Association of protein phosphatase 1γ1 with spinophilin suppresses phosphatase activity in a Parkinson disease model

Abstract

Sustained nigrostriatal dopamine depletion increases the serine/threonine phosphorylation of multiple striatal proteins that play a role in corticostriatal synaptic plasticity, including Thr286 phosphorylation of calcium/calmodulin-dependent protein kinase IIα (CaMKIIα). Mechanisms underlying these changes are unclear, but protein phosphatases play a critical role in the acute modulation of striatal protein phosphorylation.

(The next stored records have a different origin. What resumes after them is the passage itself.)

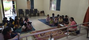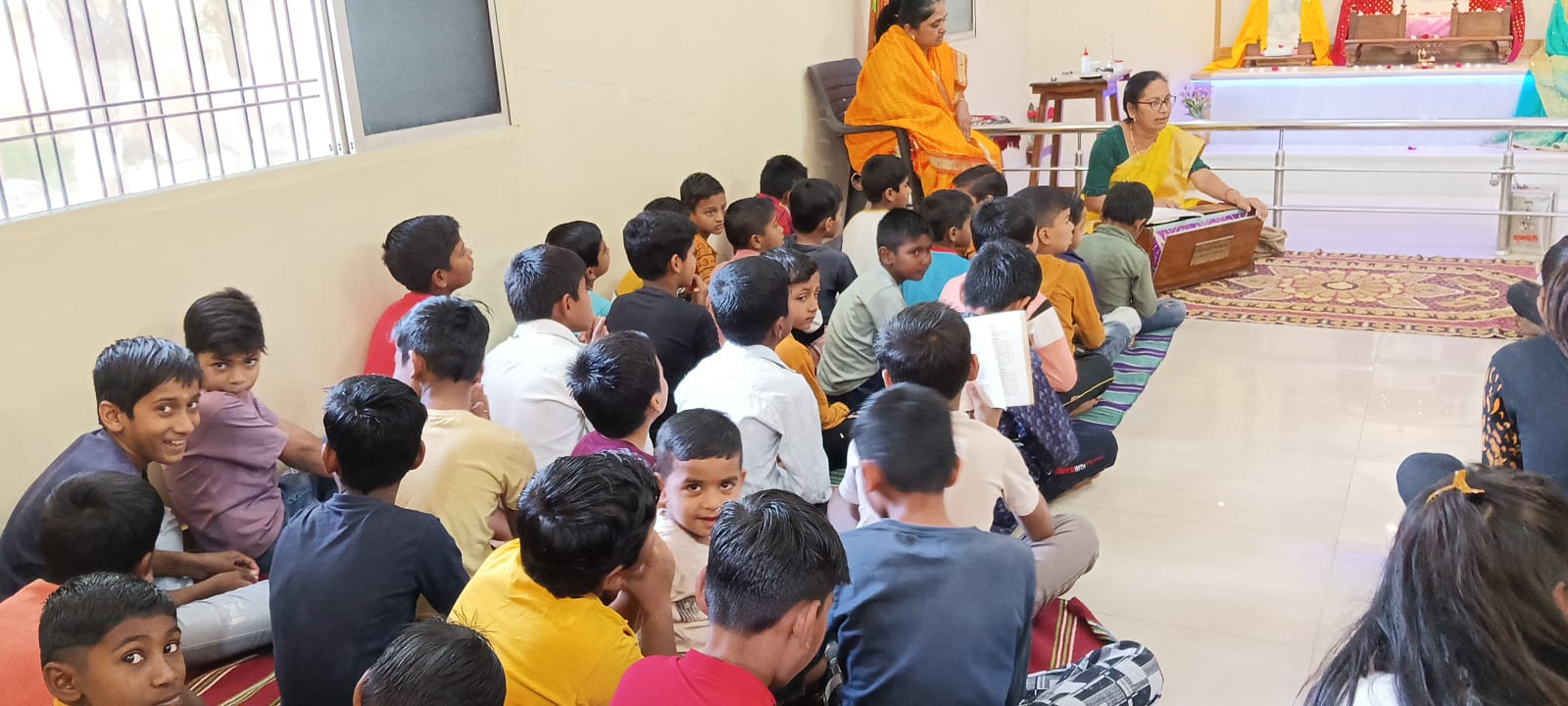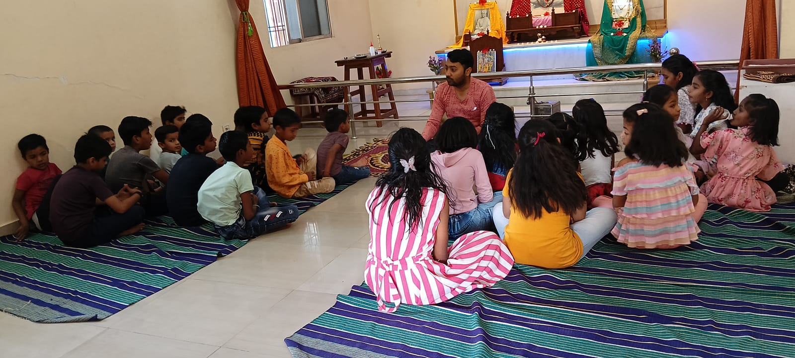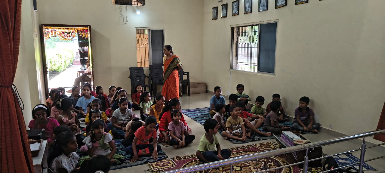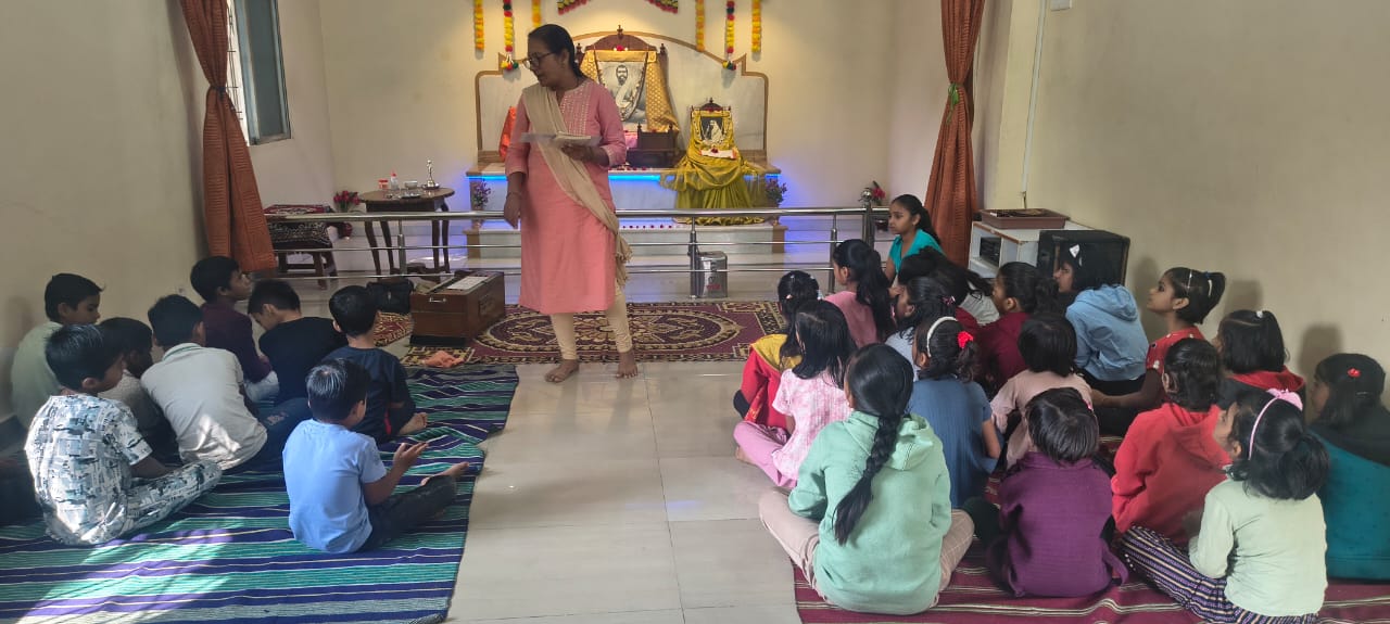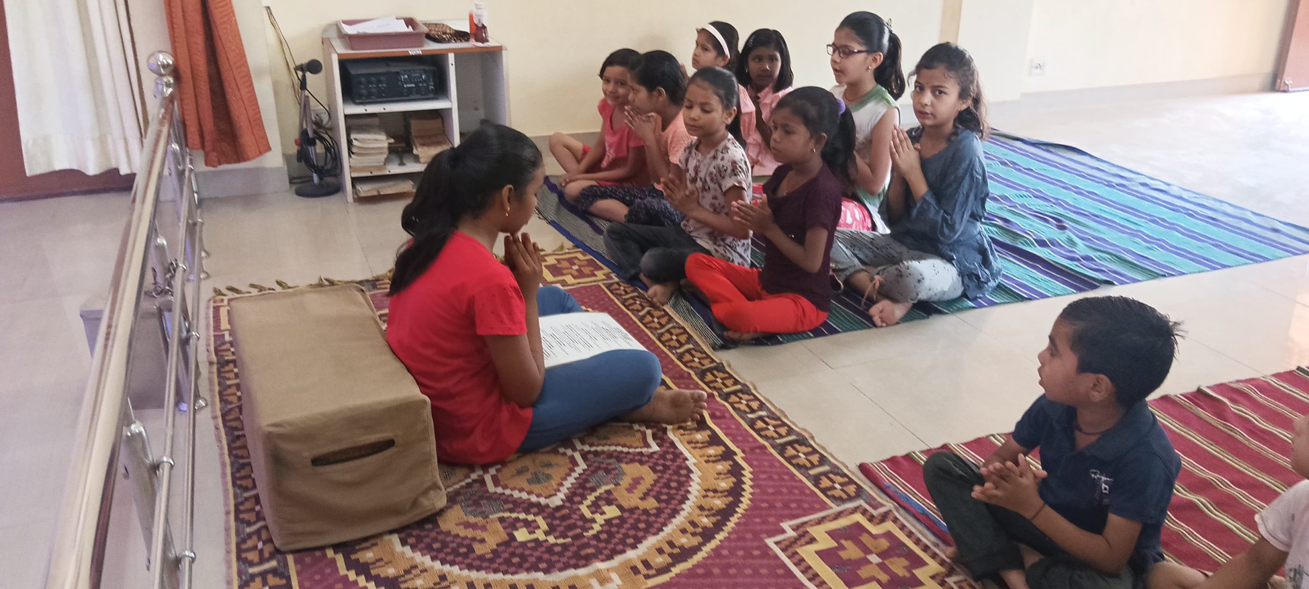 goodness of men. No nation is great or good because parliament enacts this or that, but because its men are great and good. Men are more valuable than all the wealth of the world. With these ideas and ideals of Swami Vivekananda and him as an inspiration every Sunday in campus of Ashram we hold a weekly programmes for children, girls and youths where we try to manifest latent energy of youth & put them in direction of Nation Building and Spiritual Awakening, through various different activities. In modern times, vitality of Value Education is rigorously felt; especially for children who are exposed to diverse aspects of life through different media’s and internet. To add up challenges of our times are enormous. To get our children ready for these vanities and instigate them with Values, every Sunday we conduct a programmes for children too.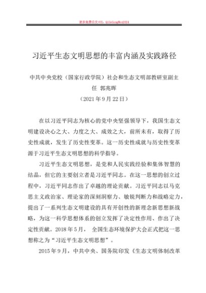 / 党课讲稿:20210922习近平生态文明思想的丰富内涵及实践路径——中央党校郭兆晖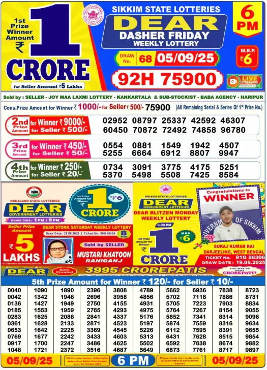 Lottery Sambad Result 5.9.2025 Today 1 PM, 6 PM & 8 PM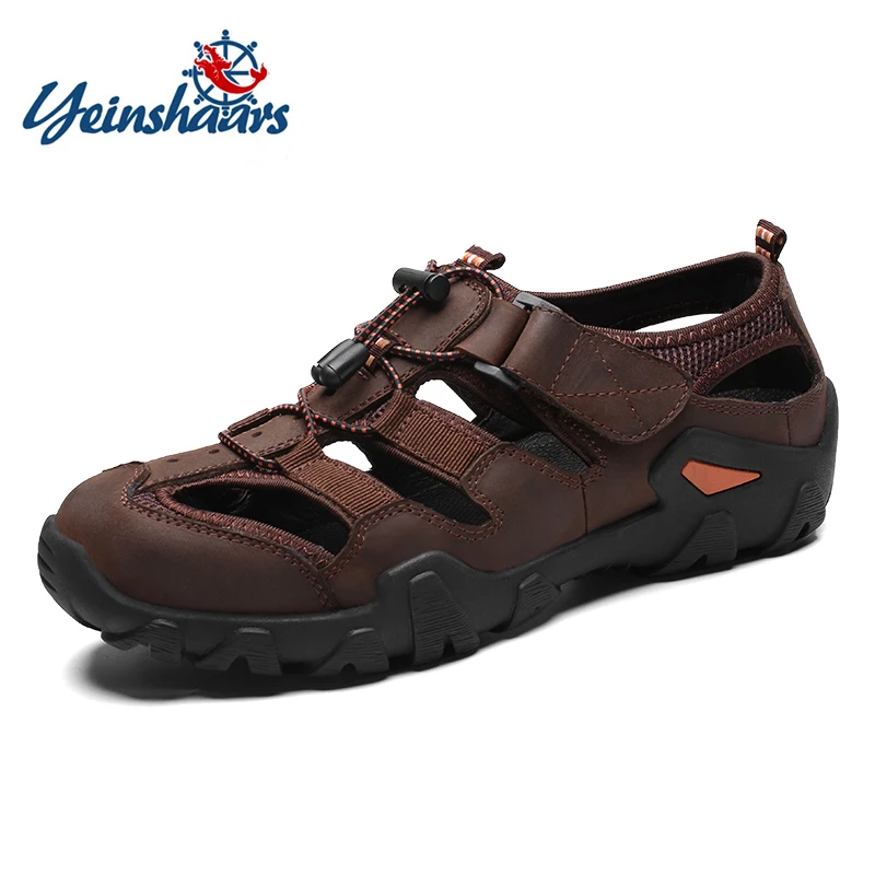 Сандалии YEINSHAARS мужские из натуральной кожи, мягкие повседневные босоножки, модная летняя обувь, Тапочки, большие размеры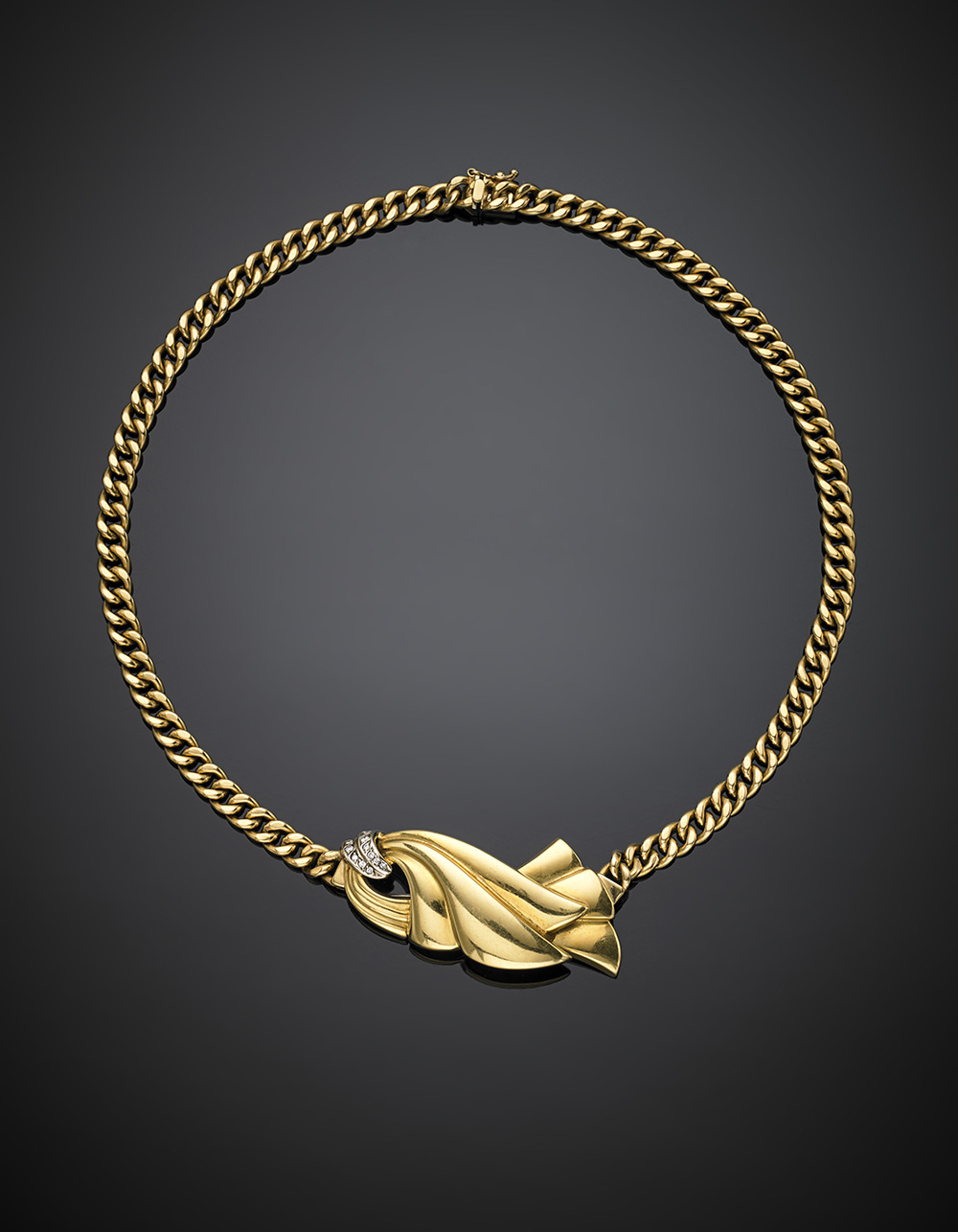 Collier in oro giallo a maglia groumette con centrale rifinito in oro bianco e diamanti, una spilla di sicurezza sul retro, g 37,48, lungh. cm 44 circa. Marcato UNOAERRE, 1 AR.

Here we show that dopamine depletion for periods ranging from 3 weeks to 10 months significantly reduces the total activity of protein phosphatase (PP) 1, but not of PP2A, in whole lysates of rat striatum, as measured using multiple substrates, including Thr286-autophosphorylated CaMKIIα. Striatal PP1 activity is partially inhibited by a fragment of the PP1-binding protein neurabin-I, Nb-(146-493), because of the selective inhibition of the PP1γ1 isoform. The fraction of PP1 activity that is insensitive to Nb-(146-493) was unaffected by dopamine depletion, demonstrating that dopamine depletion specifically reduces the activity of PP1 isoforms that are sensitive to Nb-(146-493) (i.e. PP1γ1). However, total striatal levels of PP1γ1 or any other PP1 isoform were unaffected by dopamine depletion, and our previous studies showed that total levels of the PP1 regulatory/targeting proteins DARPP-32, spinophilin, and neurabin were also unchanged. Rather, co-immunoprecipitation experiments demonstrated that dopamine depletion increases the association of PP1γ1 with spinophilin in striatal extracts. In combination, these data demonstrate that striatal dopamine depletion inhibits a specific synaptic phosphatase by increasing PP1γ1 interaction with spinophilin, perhaps contributing to hyperphosphorylation of synaptic proteins and disruptions of synaptic plasticity and/or dendritic morphology. © 2008 by The American Society for Biochemistry and Molecular Biology, Inc.